As long as there is enough room to molt i'd guess so


----------



## JC (Apr 17, 2007)

Obviously keep it ventilated and give it something to hang on


----------



## Evil_Berzerker (Apr 17, 2007)

yeah its certainly tall enough but is it wide enough thats what im realy askin, i probably should've made that clearer, sorry  because i understand that you need something like 2-3 times as wide as the adult mantis and about 3 times taller or something like that and i dont think a coke bottle would work in terms of width.


----------



## JC (Apr 17, 2007)

Yeah, thinking about it i suppose your right. You can buy some pretty cheap enclosures if you search enough


----------



## Evil_Berzerker (Apr 17, 2007)

yeah i suppose or i could just scrounge something from the kitchen like theres big clear rice tubs all sorts in there ill figure something out, by the way from the pictures i posted in the original post, like judging by those what instar do you think my mantis is at?

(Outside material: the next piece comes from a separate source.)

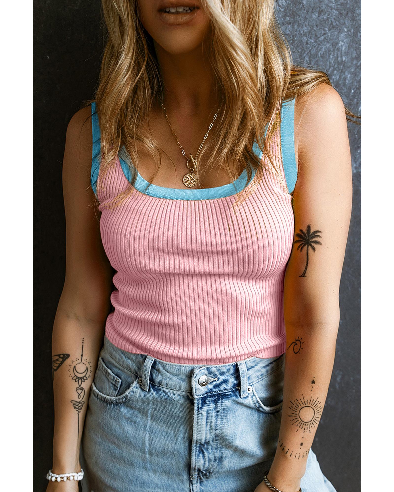 Pink Colorblock Edge Ribbed Knit U Neck Tank Top – L

anyways im off to bed for now so we can continue this tomorrow  lol

night!


----------



## Rick (Apr 17, 2007)

Width is not so imporatant. Obviously give it some room to move around but for nymphs height is important to molt.


----------



## JC (Apr 17, 2007)

Night m8


----------



## hibiscusmile (Apr 18, 2007)

Just wondering if u have the very large pickle jars there? if u can get the grocery buyer in the house to purchase the pickles u could use the jar. u would just need to put some net over the top with rubber band. also i sometimes use the nets onions or oranges come in. they keep the larger ones in. u could double up on them to keep small feeders in. if u do not find anything let me know and i will try to send u something suitable! have fun !


----------



## Evil_Berzerker (Apr 18, 2007)

ide use something like that but ide like to ahve something that looks a lot more interesting than a pickle jar with a scabby piece of netting on the top and it gives me something conscructive to do in woodwork for the last few weeks of term, plus it can be used as an example of my work when i go looking for an apprenticeship, so it has more than one use


----------